It’s a strange feeling coming over me. The Washington Post, in an editorial today, takes Justice Anthony Kennedy to task for being arrogant, upbraids him for speaking in a way that is “at minimum, exceedingly poor taste,” and generally beats him up for having too high-and-mighty an attitude when it comes to the prerogatives of the Supreme Court. Yet despite all those reflexes that make me want to cheer on the Post (“hit him again!”), I think I’d like to defend Justice Kennedy today.
The occasion for the Post’s criticism is Kennedy’s recent testimony to a congressional committee opposing any legislation that would mandate the introduction of cameras to the Court’s chamber.

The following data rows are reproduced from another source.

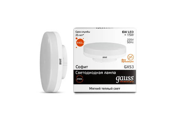 Лампа светодиодная Gauss GX53 6W 3000K матовая 83816
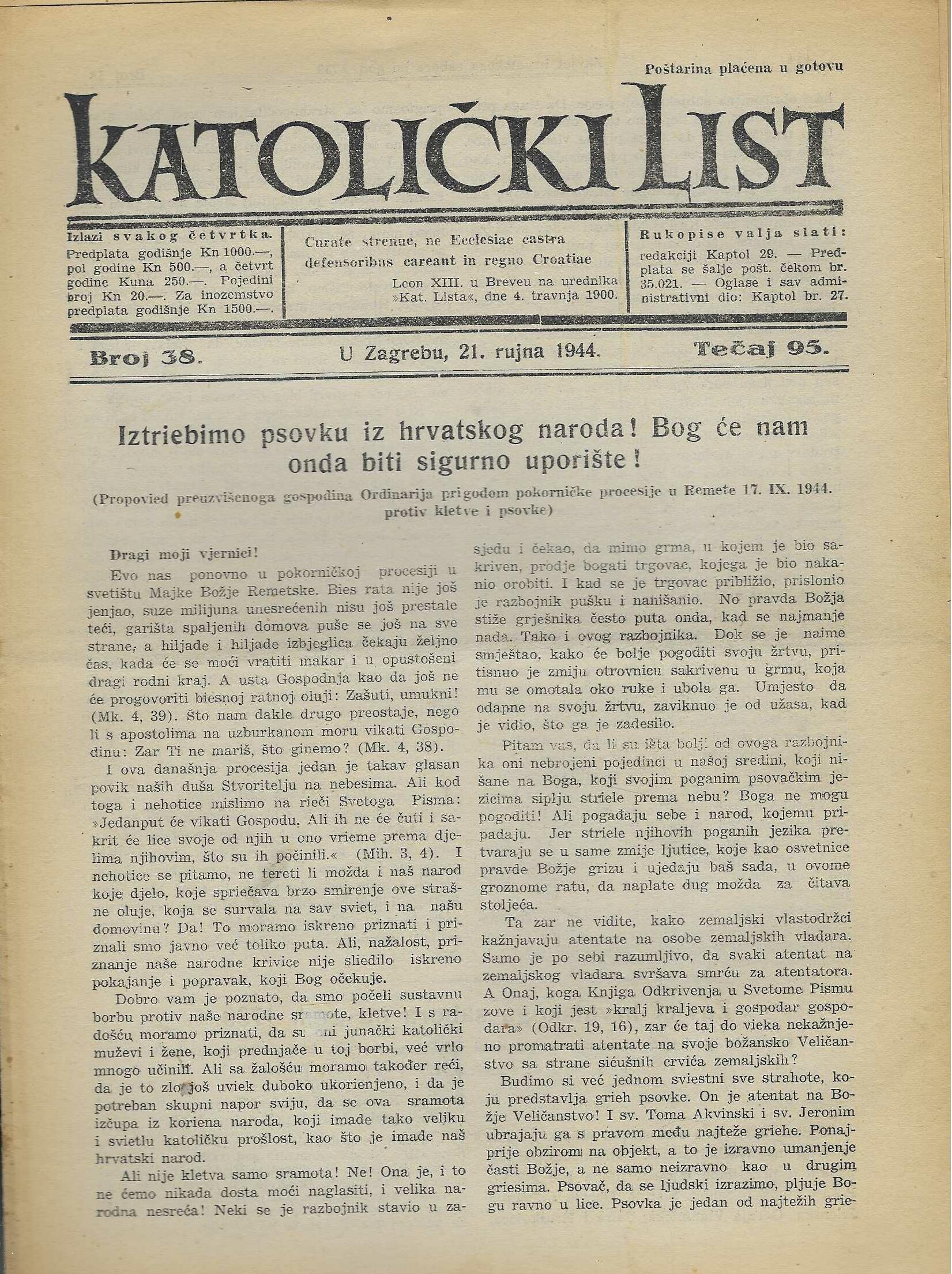 | Izdavač i godina: | Nadbiskupija zagrebačka, 1944. |
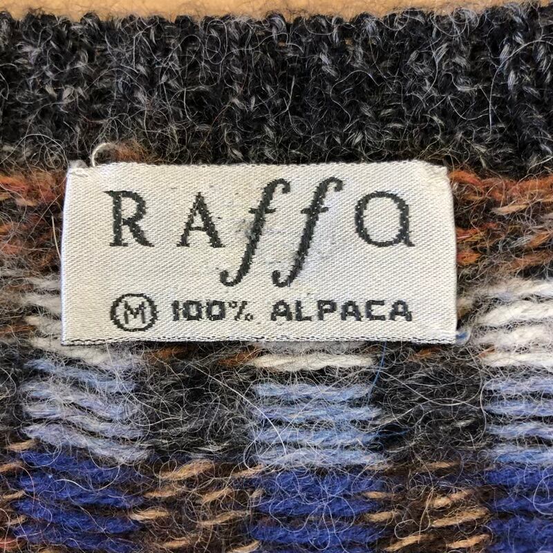 ラファモリーナ RAFFA MOLINA ニット アルパカ100% Vネック 長袖 チェック ブラウン 白 青 Mサイズ 932665

In addition to giving the usual reasons for being against the idea, it seems that Kennedy suggested such a congressional mandate would be “inconsistent with that deference, that etiquette, that should apply between the branches.” At this, the Post goes ballistic: fulminating about “a whiff of a threat” that the Court would strike down such a law, accusing Kennedy of giving an improper “advisory opinion,” and implying that he crossed some ethical line by discussing a matter “in which he and his colleagues have such a deep individual interest.”

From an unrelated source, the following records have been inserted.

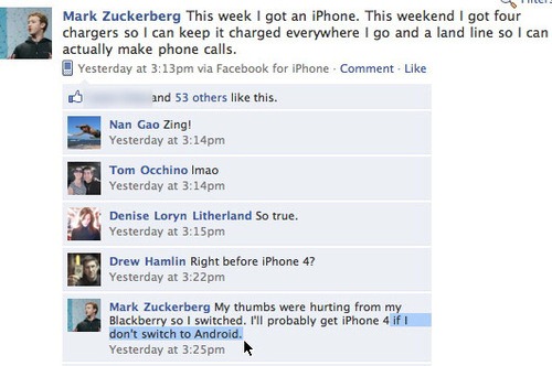 Mark Zuckerberg Profile on Facebook, June 2010And now according to his recent Facebook activity, it looks like he has finally gone for an Android phone.
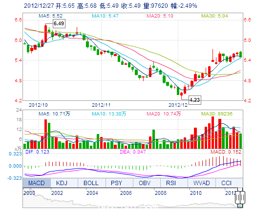 | 今 開: | 5.65 | 成交量: | 9.76萬(wan) 手 | 振 幅: | 3.37% |
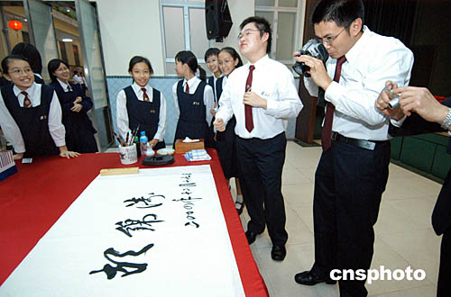 國家主席胡錦濤在參觀澳門勞工子弟學校時寫下了“胡錦濤”三字墨寶,引來學生爭相拍攝。
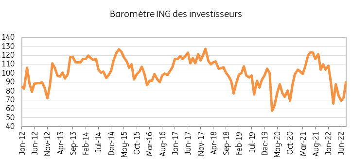 Le baromètre ING des investisseurs a poursuivi sa progression en août, atteignant 90 points après avoir atteint 72 points en juillet. Malgré cette évolution positive, le baromètre reste inférieur à 100, ce qui indique une humeur plutôt pessimiste chez les investisseurs belges. Cette situation perdure depuis février. Seuls 24% des investisseurs voient les perspectives économiques s'éclaircir au cours des trois prochains mois, tandis que 48% anticipent une détérioration du climat économique. Par ailleurs, bien que les perspectives boursières soient légèrement moins négatives qu'en juillet, l’état d’esprit reste plutôt pessimiste : 36% des répondants s'attendent à une baisse des cours des actions dans les mois à venir, tandis que 28% misent sur un rebond. Dans ce contexte, il est surprenant que 35% des investisseurs prévoient que leurs investissements augmenter en valeur dans les mois à venir et que seulement 24% s'attendent à une diminution de la valeur de leur portefeuille.
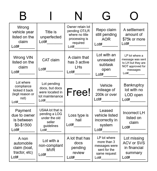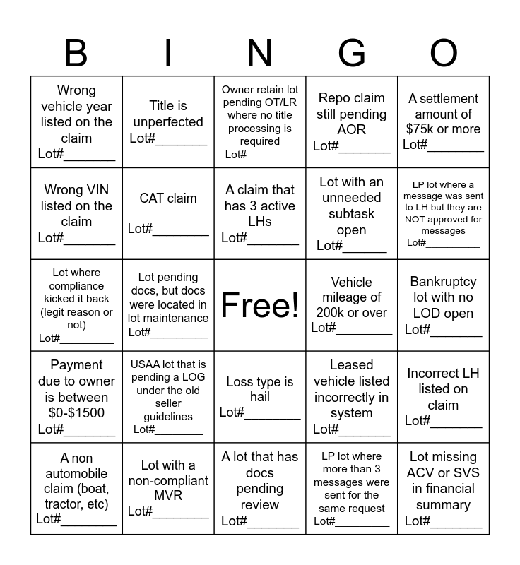 This bingo card has a free space and 24 words: USAA lot that is pending a LOG under the old seller guidelines Lot#________, Lot with a non-compliant MVR Lot#________, A claim that has 3 active LHs Lot#_______, A non automobile claim (boat, tractor, etc) Lot#________, A settlement amount of $75k or more Lot#________, Wrong vehicle year listed on the claim Lot#_______, Wrong VIN listed on the claim Lot#_______, Title is unperfected Lot#_______, Vehicle mileage of 200k or over Lot#________, Loss type is hail Lot#________, Lot with an unneeded subtask open Lot#______, Lot where compliance kicked it back (legit reason or not) Lot#_________, Leased vehicle listed incorrectly in system Lot#_______, Incorrect LH listed on claim Lot#_______, CAT claim Lot#________, LP lot where more than 3 messages were sent for the same request Lot#_________, Bankruptcy lot with no LOD open Lot#_______, Owner retain lot pending OT/LR where no title processing is required Lot#________, LP lot where a message was sent to LH but they are NOT approved for messages Lot#__________, Lot pending docs, but docs were located in lot maintenance Lot#_________, Lot missing ACV or SVS in financial summary Lot#_______, Payment due to owner is between $0-$1500 Lot#_______, Repo claim still pending AOR Lot#_______ and A lot that has docs pending review Lot#_______.
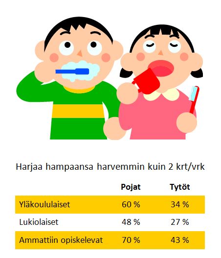 Nuorten terveystottumuksista hampaiden harjauksessa ja vapaa-ajan liikunnan harrastamisessa on tapahtunut kohennusta 2000-luvun alkuun verrattuna. Edelleen kuitenkin huolestuttavan moni, erityisesti pojista, harjaa hampaitaan harvemmin kuin kaksi kertaa päivässä.
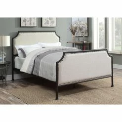 Best Sale π― King Right2Home Marine Quatrefoil Upholstered Platform Bed With Nailhead Trim π
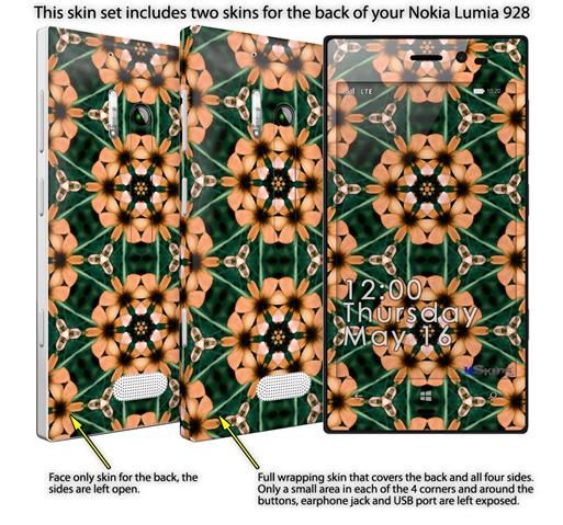 • Decal style vinyl skin covers front, back and side of Nokia Lumia 928 phone.

Oh, calm down. Whatever one thinks of the idea of TV cameras in the Court’s chamber—I’m opposed but don’t feel really strongly about it—Justice Kennedy raised a very good point in a pretty mild-mannered way. If Congress could, consistent with the separation of powers, force the Court to admit cameras to oral arguments and decision days in the chamber, why could it not force the opening of the Court’s conference room, from which even clerks and other Court employees are barred when the justices are discussing cases? Why, for that matter, could Congress not mandate the placement of cameras in the Oval Office for streaming broadcasts of presidential deliberations?

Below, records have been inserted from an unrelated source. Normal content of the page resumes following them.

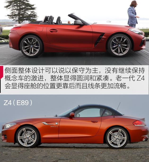 从侧面造型来看,新车除了增加夸张都空气学导流口,其实侧面线条在笔者看来反而没有上一代好看,更加圆润以及紧凑都风格失去了E89上面的线条流畅感。除此之外,新车并没有继续采用概念版车型的外后视镜、双驼峰的防滚架等激进的造型,总体设计还是趋于传统且保守。
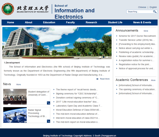 5月19日,信息与电子学院英文网站正式完成建设并上线运行,这是我校第6个正式上线运行的二级学院英文网站。2014年起,面向“双一流”建...
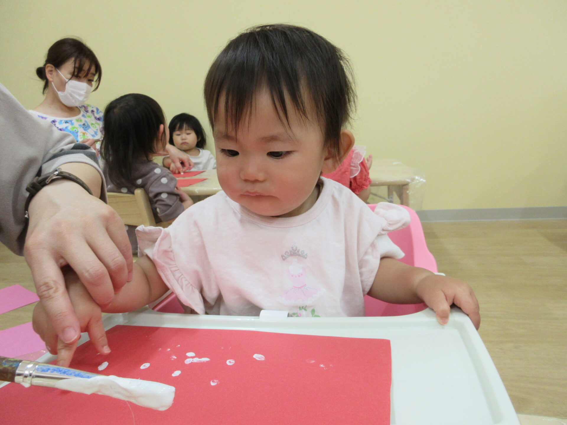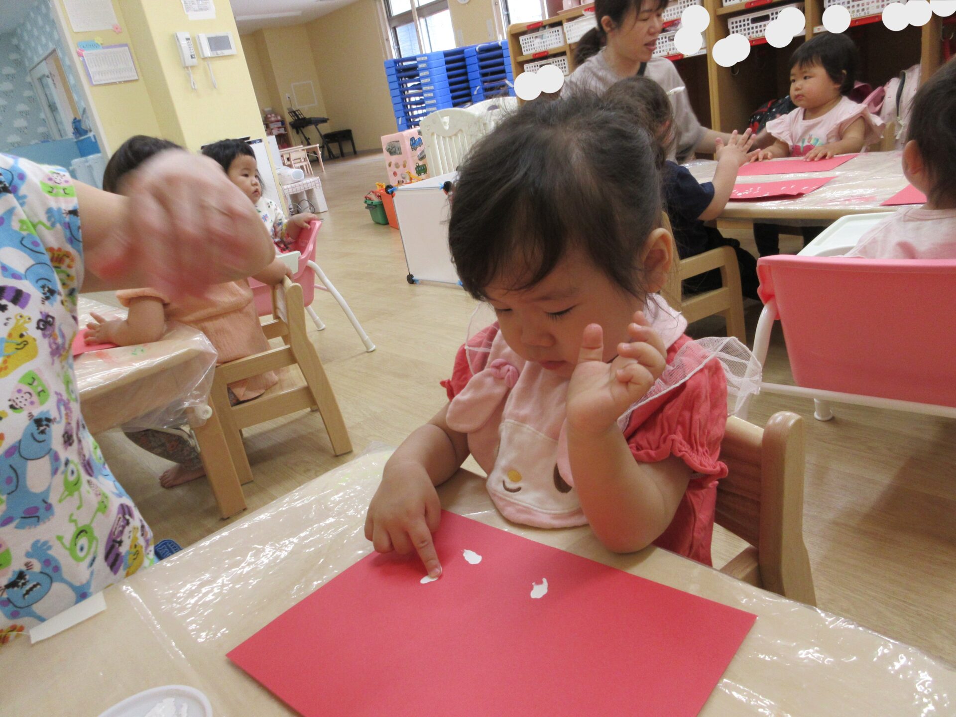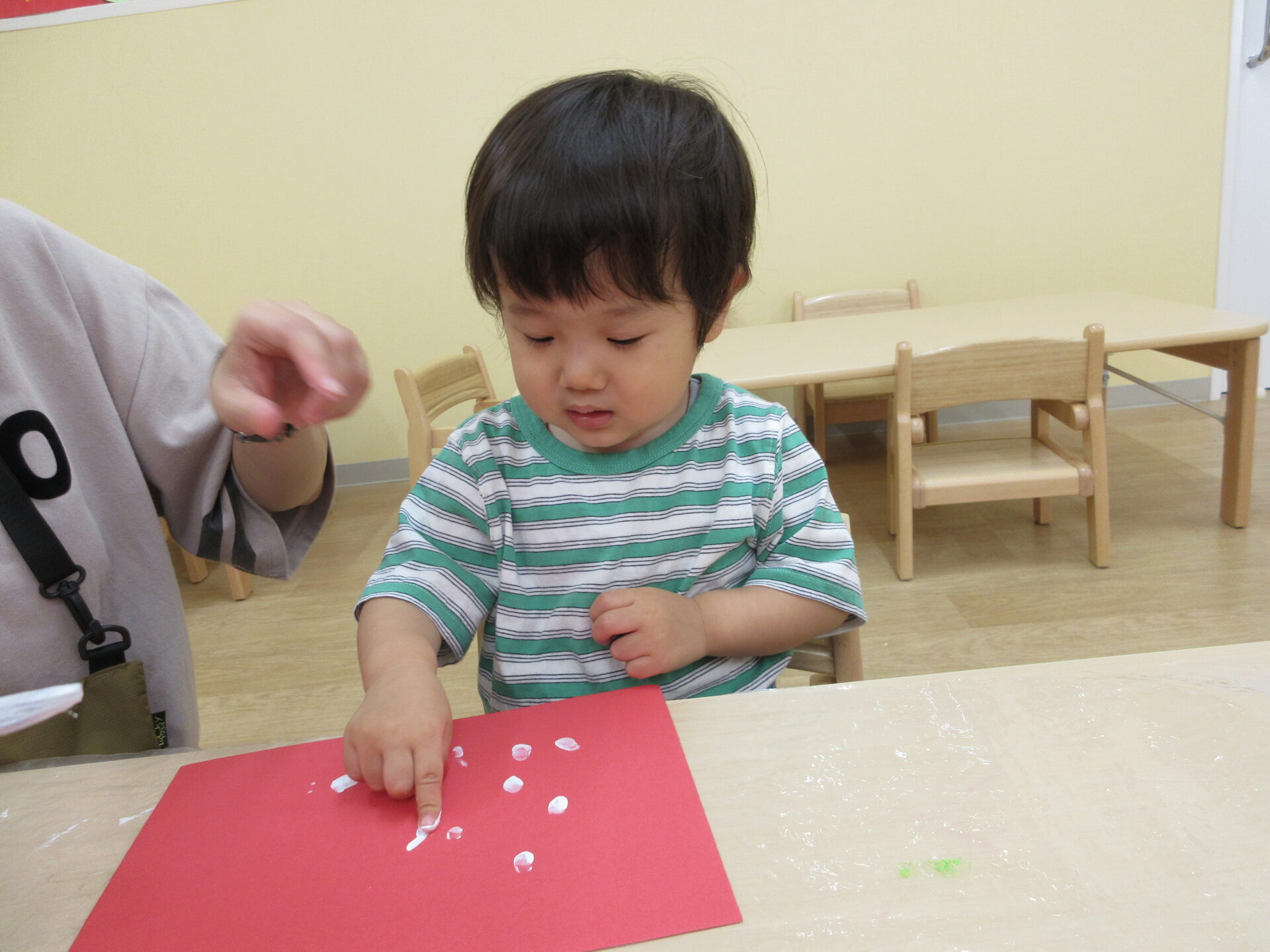 2025.05.26 お知らせ ブログ ペタペタ♪製作(1歳だいち組) イチゴの粒を白色の絵の具で見立てて、指スタンプをしました! 初めて絵の具を使う子どもたちは、不思議そうに見ながら、担任に絵の具を指につけてもらっています。 ドキドキ!! そーっと、そーっと・・・ ペッタン、ペッタン♪ ダイナミックに指スタンプを楽しんでいました☆ 一覧へ戻る

And it is in no way improper for Justice Kennedy to comment on this in a committee hearing. Far more consequential statutes affecting the Court’s business have been produced with the open participation of the justices in giving shape to the legislation, and no one thought that the rights of litigants were adversely affected—the only relevant sense in which the Court is obliged to steer clear of “advisory opinions.” They didn’t call the Judiciary Act of 1925 “the Judges’ Bill” for nothing.